- Your task: Beginning with the line containing "An outdoor scene" and going on through the line containing "如何吸引新消费时代的年轻人,更是汽车品牌", the lines below are to be returned exactly, pictures excluded and nothing added.

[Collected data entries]
:::
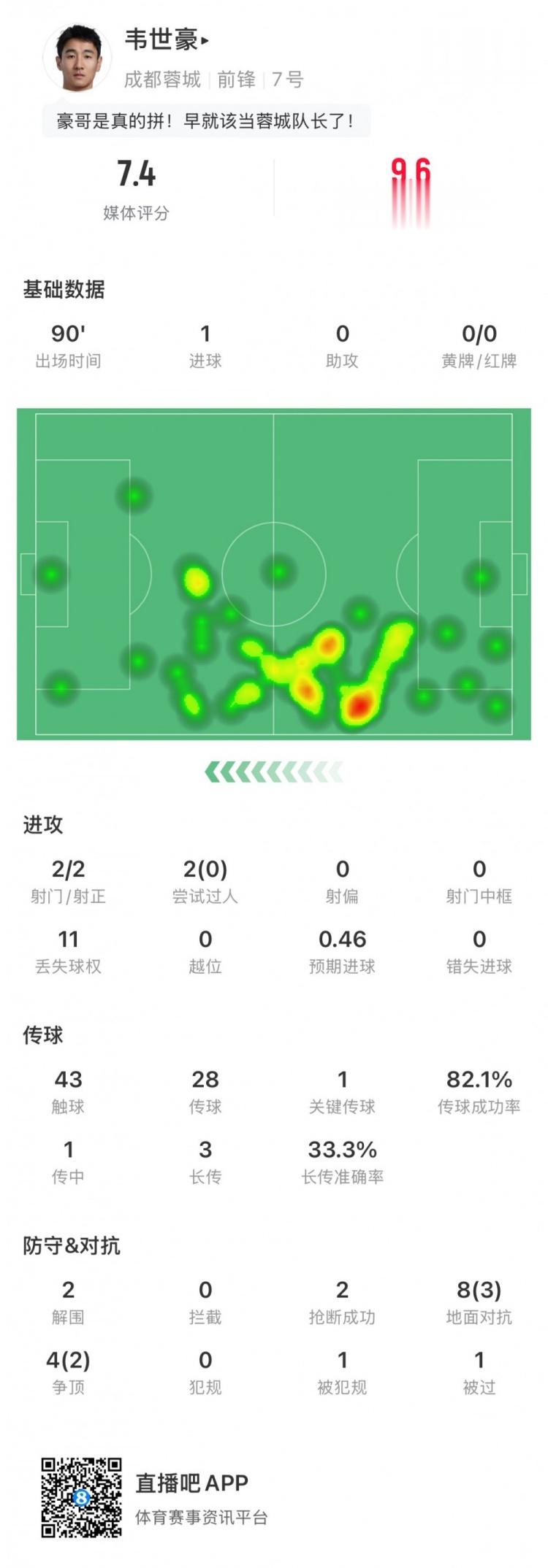 韦世豪全场数据如下
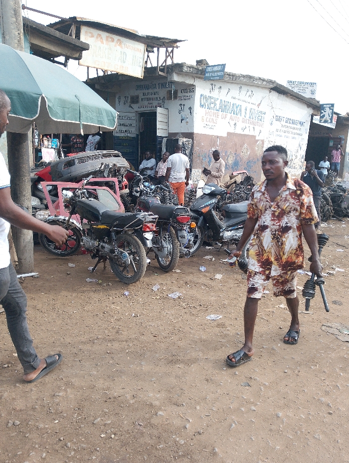 An outdoor scene features an individual walking with mechanical parts in hand, seemingly through a junkyard or marketplace with motorcycles and various vehicle parts scattered around
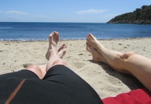 And then there’s the coast. Tourist season is coming up soon, so my wife Susan and I decided it would be much smarter, not to mention cost effective, to travel to the beach now rather than later. Here’s a picture of us on the sand of Sardinia.
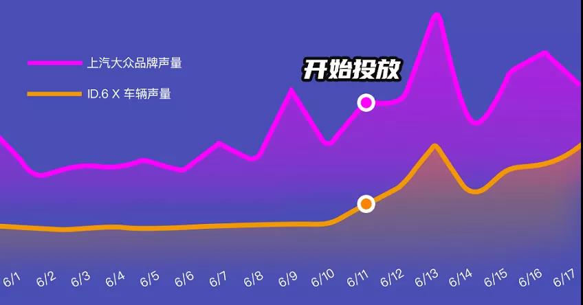 如何吸引新消费时代的年轻人,更是汽车品牌们十分重视的问题。上汽大众ID.6 X上市预热过程中,借势微博特有的舆论生态,以高管和官微的互动喊话为锚点,吸引年轻人"看热闹""共吐槽",再通过创意内容将用户目光吸引到汽车身上,完成了新车上市前声量与内容资产的积累。
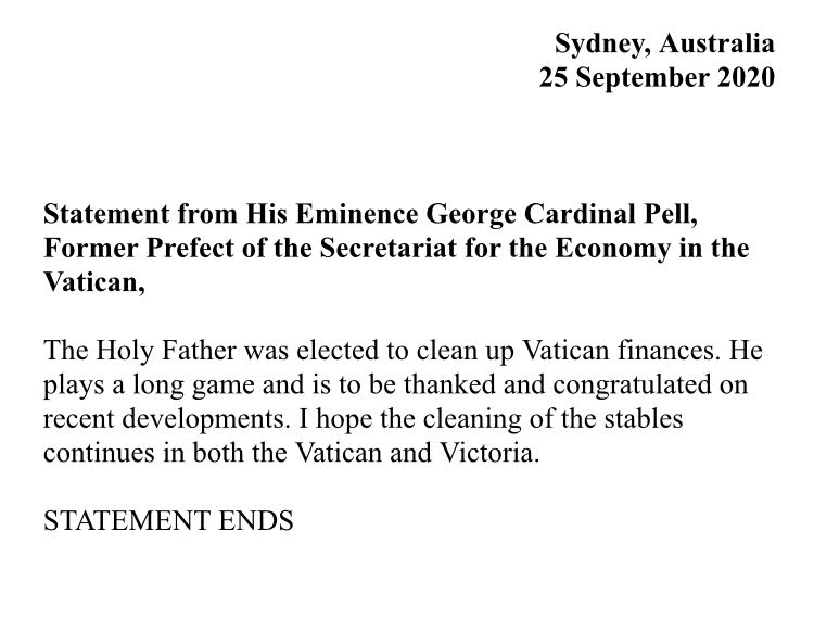 Y hablando de "vendetta", en un clima de los más enrarecido, de ajuste de cuentas, hizo mucho ruido que el cardenal australiano George Pell-zar de las finanzas del Vaticano desde 2014, que debió irse en julio de 2017 para defenderse en un juicio por pedofilia del que salió absuelto- y viejo enemigo de Becciu, en una declaración, celebrara su despido. "El Santo Padre fue electo para hacer limpieza en las finanzas del Vaticano. Él juega una largo partido y se le debe agradecer y felicitar por los recientes hechos. Espero que la limpieza del establo continúe tanto en el Vaticano como en Victoria", expresó que Pell, que aludió a uno de los estados de Australia donde fue condenado, arrestado y luego absuelto.
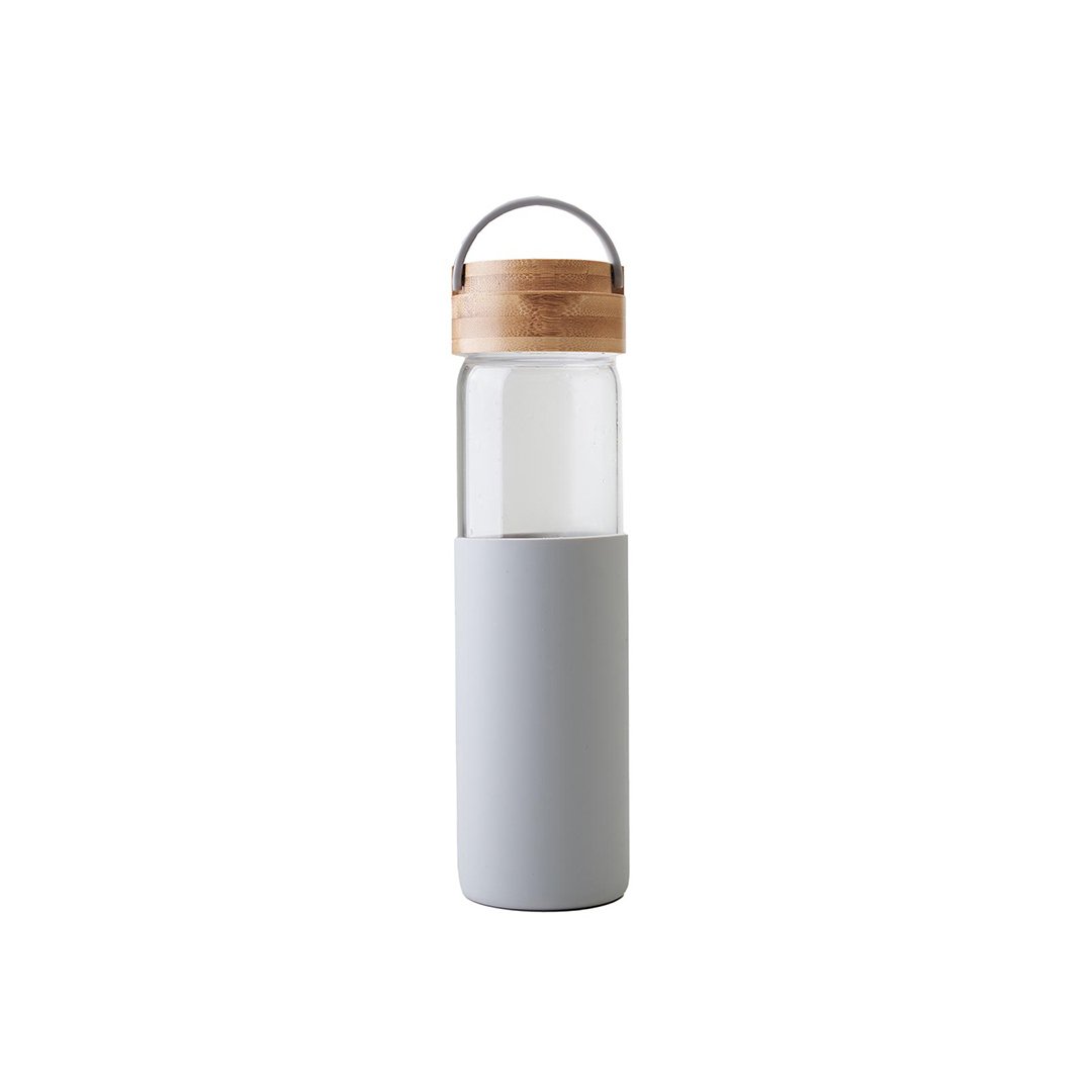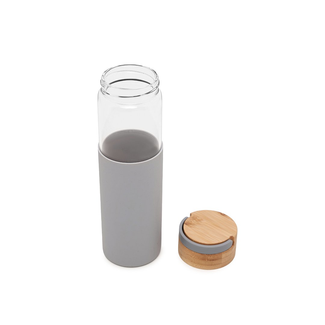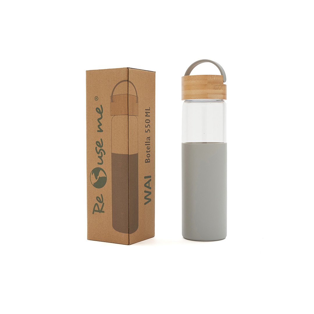 Botella reutilizable de vidrio, con tapa de bamboo y funda de silicona. Cuenta con un agarre en su tapa para su transporte. Producto libre de BPA. Producto aprobado por el I.N.A.L. para el contacto con alimentos. Medidas: 22,6 cm x 6,8 cm (Altura x Diámetro). Capacidad: 550ml.
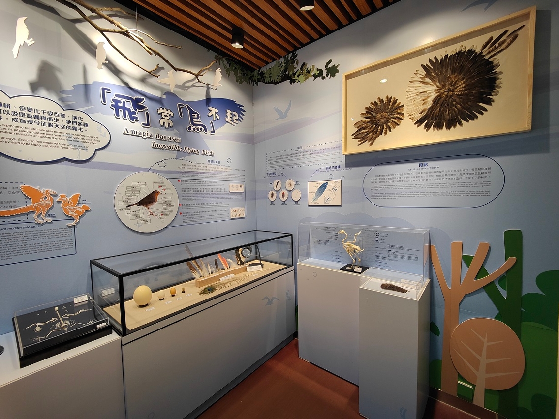 生物的演化賦予鳥類各種獨特的構造,鳥類可說是為翱翔而生,身體上各種結構的演化都令其對飛行具高度的適應性。澳門動物標本展示館現正舉行的鳥類特展—“飛”常“鳥”不起,從羽毛、外型到內部骨骼,由外到內介紹鳥類,透過標本介紹鳥類為適應飛行的習性而演化出的各種特殊構造,拆解鳥類了不起的演化秘密。除了介紹鳥類對飛行的各種演化適應外,亦展示各種鳥巢、鳥蛋及羽毛等標本。
:::
- Exercise answer:
 An outdoor scene features an individual walking with mechanical parts in hand, seemingly through a junkyard or marketplace with motorcycles and various vehicle parts scattered around
 And then there’s the coast. Tourist season is coming up soon, so my wife Susan and I decided it would be much smarter, not to mention cost effective, to travel to the beach now rather than later. Here’s a picture of us on the sand of Sardinia.
 如何吸引新消费时代的年轻人,更是汽车品牌们十分重视的问题。上汽大众ID.6 X上市预热过程中,借势微博特有的舆论生态,以高管和官微的互动喊话为锚点,吸引年轻人"看热闹""共吐槽",再通过创意内容将用户目光吸引到汽车身上,完成了新车上市前声量与内容资产的积累。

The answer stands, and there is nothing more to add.